The job of the power steering pump is to move fluid under pressure. When pressurized, it helps move the parts inside the steering rack, or box, thus lessening the amount of energy the driver has to expend to turn the wheel. But, like all things in life, there's a trade off, namely, heat. The mechanics of pumping creates heat, which can build up in the fluid causing all sorts of nasty happenings, but the net result is a loss of steering.

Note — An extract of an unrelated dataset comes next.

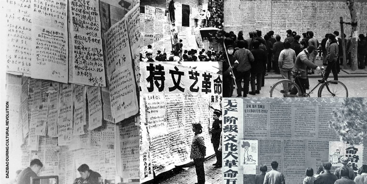 The wall of text has appeared across epochs: from Roman Acta Diurna and Dharani sutra scrolls, to the European pamphlet wars of the 17th century, Egypt’s 2013-14 Tamarod movement, the list is endless.2 But if we zoom in on the leftist meme, there’s one fascinatingly close parallel: the ‘dazibao’. Dazibao literally translates to ‘big character poster’. They were handwritten wall posters plastered in public spaces before but mostly during the Chinese Cultural Revolution by Maoist students known as the Red Guards.
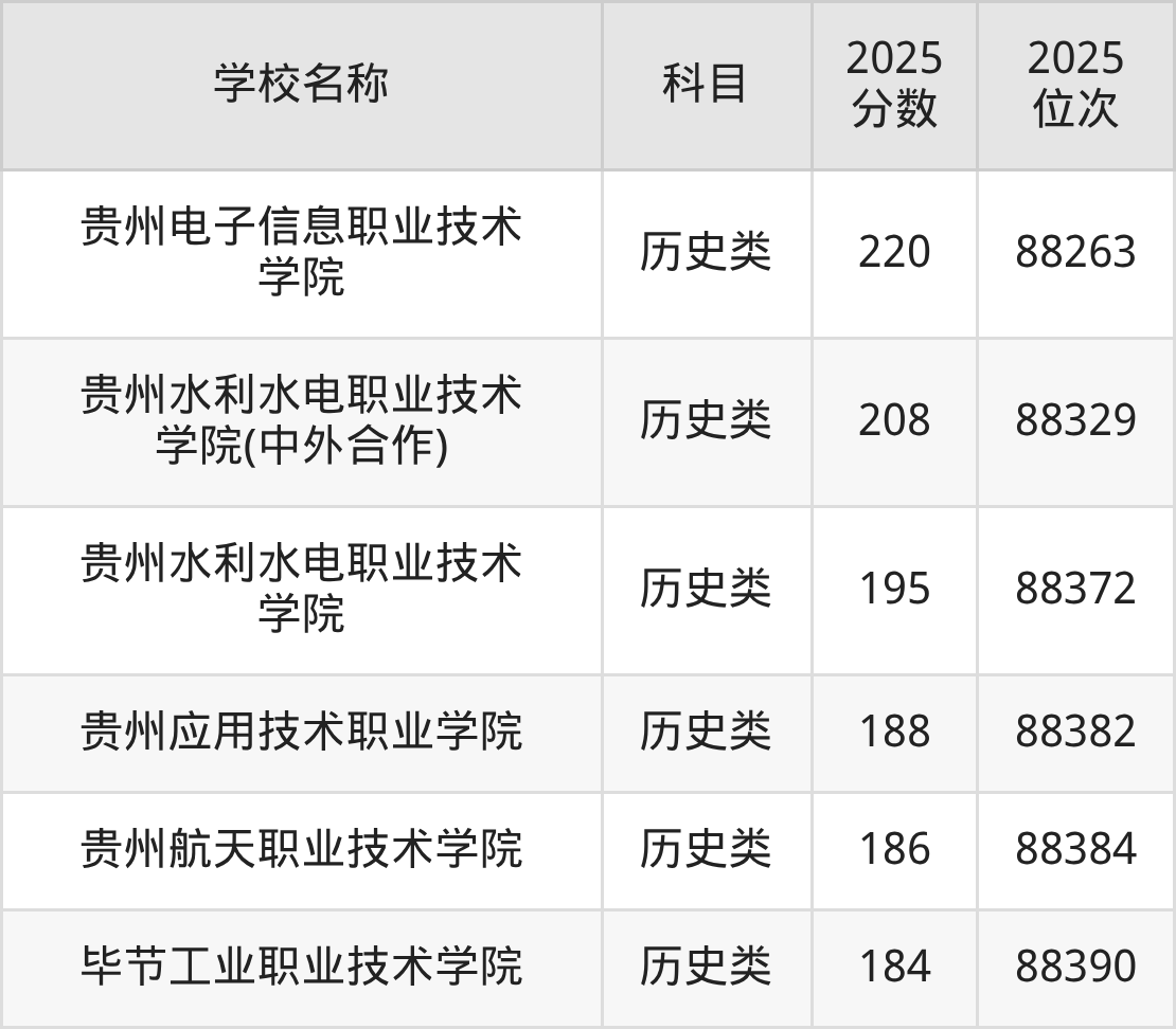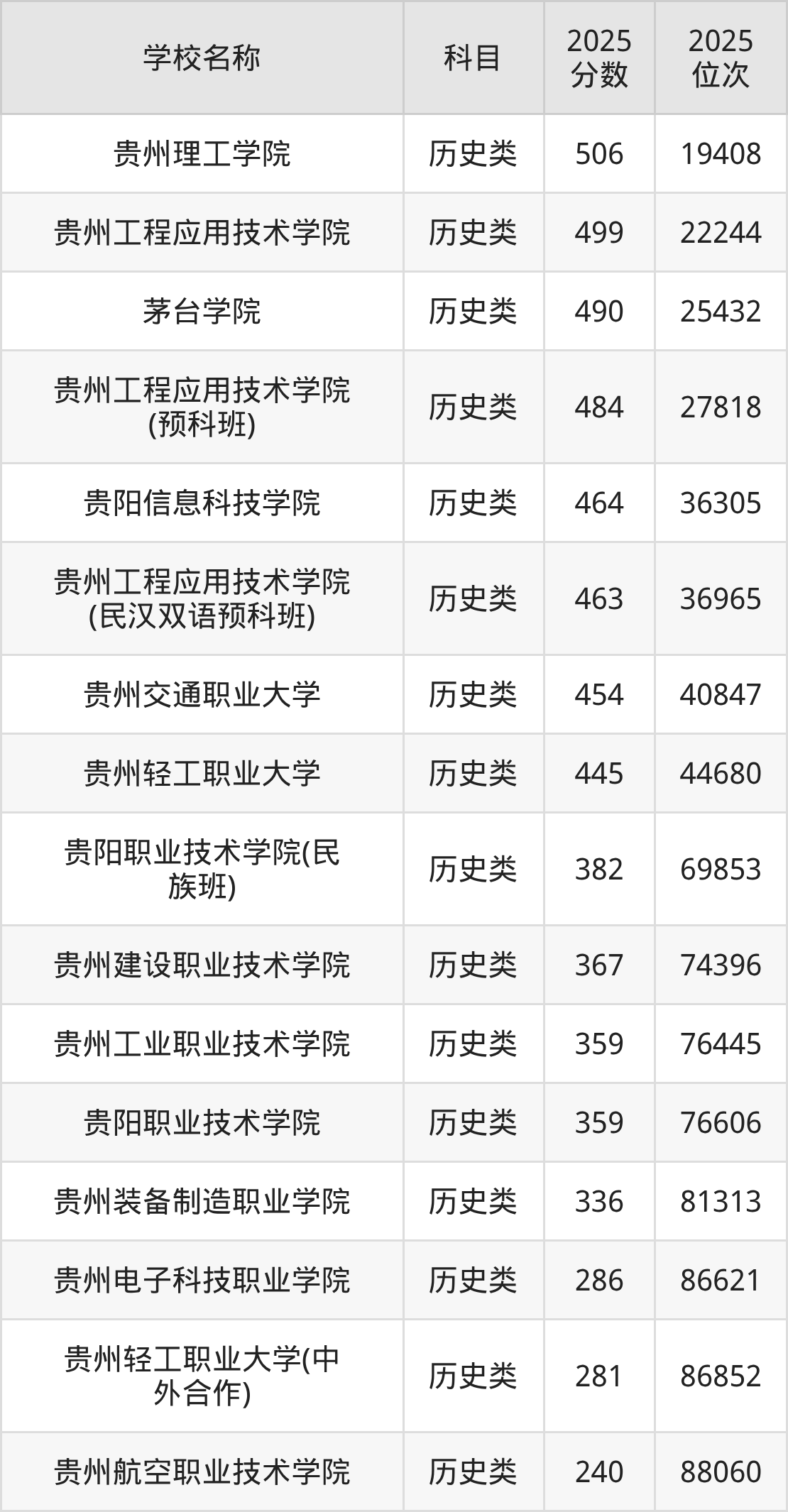 下文为2025年贵州省理工类大学在贵州历史类录取分数线和位次排名表,供大家参考:

Our '01 project, Black Betty, has been suffering from power steering woes. Around town it was ok, but once on the race track, the system quickly went to hell. Worse than the boiling fluid was the loss of steering assistance, which is never fun in the middle of a turn. To fix our fluid-based dilemma we went to Jeff Roethlisberger of Turn One. Having spent 16 years as an engineer at Saginaw Gear, GM's steering division, he knows steering. Add in his current gig of supplying steering gears to Nextel Cup and other race cars, and one would have to move him into the expert category. If that's not enough, Jeff's father was the Chief Engineer of steering at Saginaw. Guess it's safe to say they have hydraulic fluid in their blood.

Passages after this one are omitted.